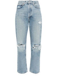 '90s Pinch Waist straight-leg jeans Highlights - Light blue - Cotton - Denim - Distressed effect - High-waisted - Belt loops - Classic five pockets - Logo patch to the rear - Straight leg - Cropped Imported Composition Body: Cotton 100% SIZE & FIT Model measurements Height 5 ft 9 in(1.75 m) Bust/Chest 31.88 in(81 cm) Hips 35.03 in(89 cm) Waist 23.22 in(59 cm) FittingInformation Designed for a straight-leg fit, these jeans allow for a close fit at the waist and an unrestricted and comfortable fit over the leg Sturdy and hard-wearing, this denim piece offers no stretch This piece fits true to size – take your usual size Washing instructions Machine Wash
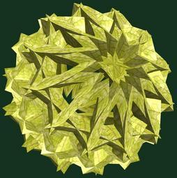 | Keywords: mathematica 3d cg parametricplot3d texture torus code program algorithm プログラム コード アルゴリズム 輪環 りんかん ドーナツ どーなつ 六芒星 ろくぼうせい geometric sculpture geometricsculpture shape geometry sculpture mapping テクスチャ マッピング 模様 もよう abstract 抽象 ちゅうしょう アブストラクト design pattern デザイン パターン graphic グラフィック グラフィクス structure 意匠 構造 symmetry 対称性 たいしょうせい シンメトリー 対称 たいしょう plant leaf foliage organic pattern outdoor black background a = 4; (* center hole size *) b = 6; (* hexa-torus *) c = -8; (* distance from the center of rotation *) d = 12; (* number of torus *) h = 2; (* height of a torus *) SetOptions[ParametricPlot3D, PlotRange -> Full, Mesh -> None, Boxed -> False, Axes -> False, PlotPoints -> 400, ImageSize -> 3000, Background -> RGBColor[{20, 50, 30}/255], PlotStyle -> Directive[Specularity[White, 30], Texture[Import["D:/tmp/71.jpg"]]], TextureCoordinateFunction -> ({#4, #5 Pi} &), Lighting -> "Neutral"]; f[v_] := TriangleWave[{-1, 1}, v/(2 Pi)]; g[v_] := TriangleWave[{-1, 1}, v/(2 Pi) + 1/4]; x = (a - g[t] - f[b s]) Cos[s]; y = (a - g[t] - f[b s]) Sin[s]; z = (a - f[t] - h f[b s]) + c; rm = Table[{x, y, z}.RotationMatrix[2 i Pi/d, {1, 1, 0}], {i, d}]; ParametricPlot3D[rm, {t, 0, 2 Pi}, {s, 0, Pi}] (*--- The Texture *) a = 4; (* center hole size *) b = 6; (* hexa-torus *) c = -8; (* distance from the center of rotation *) d = 12; (* number of torus *) h = 2; (* height of a torus *) SetOptions[ParametricPlot3D, PlotRange -> Full, Mesh -> None, Boxed -> False, Axes -> False, PlotPoints -> 400, ImageSize -> 3000, Background -> RGBColor[{20, 50, 30}/255], PlotStyle -> Directive[Specularity[White, 30], Texture[Import["D:/tmp/71.jpg"]]], TextureCoordinateFunction -> ({#4, #5 Pi} &), Lighting -> "Neutral"]; f[v_] := TriangleWave[{-1, 1}, v/(2 Pi)]; g[v_] := TriangleWave[{-1, 1}, v/(2 Pi) + 1/4]; x = (a - g[t] - f[b s]) Cos[s]; y = (a - g[t] - f[b s]) Sin[s]; z = (a - f[t] - h f[b s]) + c; rm = Table[{x, y, z}.RotationMatrix[2 i Pi/d, {1, 1, 0}], {i, d}]; ParametricPlot3D[rm, {t, 0, 2 Pi}, {s, 0, Pi}] (*--- The Texture *) |
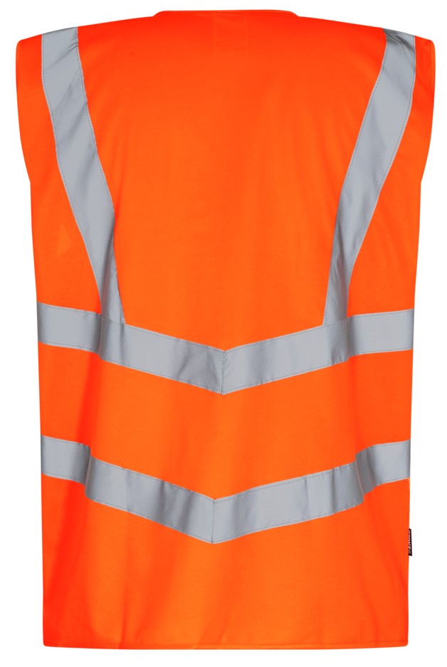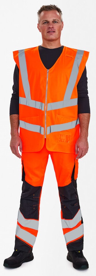Lightweight, comfortable traffic vest with front zipper. Two large outer pockets with Velcro fastener. ID card holder on the left pocket. Loop, e.g. for walkie-talkie or gas detector, on the left side of the chest. Reflective stripes on the torso and over the shoulders. Clothing class 2, tested after 25 washes.

TASK DESCRIPTION »
Pictures aside, reproduce all of the data exactly.

RESULT OF THE EXERCISE »
 '90s Pinch Waist straight-leg jeans Highlights - Light blue - Cotton - Denim - Distressed effect - High-waisted - Belt loops - Classic five pockets - Logo patch to the rear - Straight leg - Cropped Imported Composition Body: Cotton 100% SIZE & FIT Model measurements Height 5 ft 9 in(1.75 m) Bust/Chest 31.88 in(81 cm) Hips 35.03 in(89 cm) Waist 23.22 in(59 cm) FittingInformation Designed for a straight-leg fit, these jeans allow for a close fit at the waist and an unrestricted and comfortable fit over the leg Sturdy and hard-wearing, this denim piece offers no stretch This piece fits true to size – take your usual size Washing instructions Machine Wash
 | Keywords: mathematica 3d cg parametricplot3d texture torus code program algorithm プログラム コード アルゴリズム 輪環 りんかん ドーナツ どーなつ 六芒星 ろくぼうせい geometric sculpture geometricsculpture shape geometry sculpture mapping テクスチャ マッピング 模様 もよう abstract 抽象 ちゅうしょう アブストラクト design pattern デザイン パターン graphic グラフィック グラフィクス structure 意匠 構造 symmetry 対称性 たいしょうせい シンメトリー 対称 たいしょう plant leaf foliage organic pattern outdoor black background a = 4; (* center hole size *) b = 6; (* hexa-torus *) c = -8; (* distance from the center of rotation *) d = 12; (* number of torus *) h = 2; (* height of a torus *) SetOptions[ParametricPlot3D, PlotRange -> Full, Mesh -> None, Boxed -> False, Axes -> False, PlotPoints -> 400, ImageSize -> 3000, Background -> RGBColor[{20, 50, 30}/255], PlotStyle -> Directive[Specularity[White, 30], Texture[Import["D:/tmp/71.jpg"]]], TextureCoordinateFunction -> ({#4, #5 Pi} &), Lighting -> "Neutral"]; f[v_] := TriangleWave[{-1, 1}, v/(2 Pi)]; g[v_] := TriangleWave[{-1, 1}, v/(2 Pi) + 1/4]; x = (a - g[t] - f[b s]) Cos[s]; y = (a - g[t] - f[b s]) Sin[s]; z = (a - f[t] - h f[b s]) + c; rm = Table[{x, y, z}.RotationMatrix[2 i Pi/d, {1, 1, 0}], {i, d}]; ParametricPlot3D[rm, {t, 0, 2 Pi}, {s, 0, Pi}] (*--- The Texture *) a = 4; (* center hole size *) b = 6; (* hexa-torus *) c = -8; (* distance from the center of rotation *) d = 12; (* number of torus *) h = 2; (* height of a torus *) SetOptions[ParametricPlot3D, PlotRange -> Full, Mesh -> None, Boxed -> False, Axes -> False, PlotPoints -> 400, ImageSize -> 3000, Background -> RGBColor[{20, 50, 30}/255], PlotStyle -> Directive[Specularity[White, 30], Texture[Import["D:/tmp/71.jpg"]]], TextureCoordinateFunction -> ({#4, #5 Pi} &), Lighting -> "Neutral"]; f[v_] := TriangleWave[{-1, 1}, v/(2 Pi)]; g[v_] := TriangleWave[{-1, 1}, v/(2 Pi) + 1/4]; x = (a - g[t] - f[b s]) Cos[s]; y = (a - g[t] - f[b s]) Sin[s]; z = (a - f[t] - h f[b s]) + c; rm = Table[{x, y, z}.RotationMatrix[2 i Pi/d, {1, 1, 0}], {i, d}]; ParametricPlot3D[rm, {t, 0, 2 Pi}, {s, 0, Pi}] (*--- The Texture *) |
Lightweight, comfortable traffic vest with front zipper. Two large outer pockets with Velcro fastener. ID card holder on the left pocket. Loop, e.g. for walkie-talkie or gas detector, on the left side of the chest. Reflective stripes on the torso and over the shoulders. Clothing class 2, tested after 25 washes.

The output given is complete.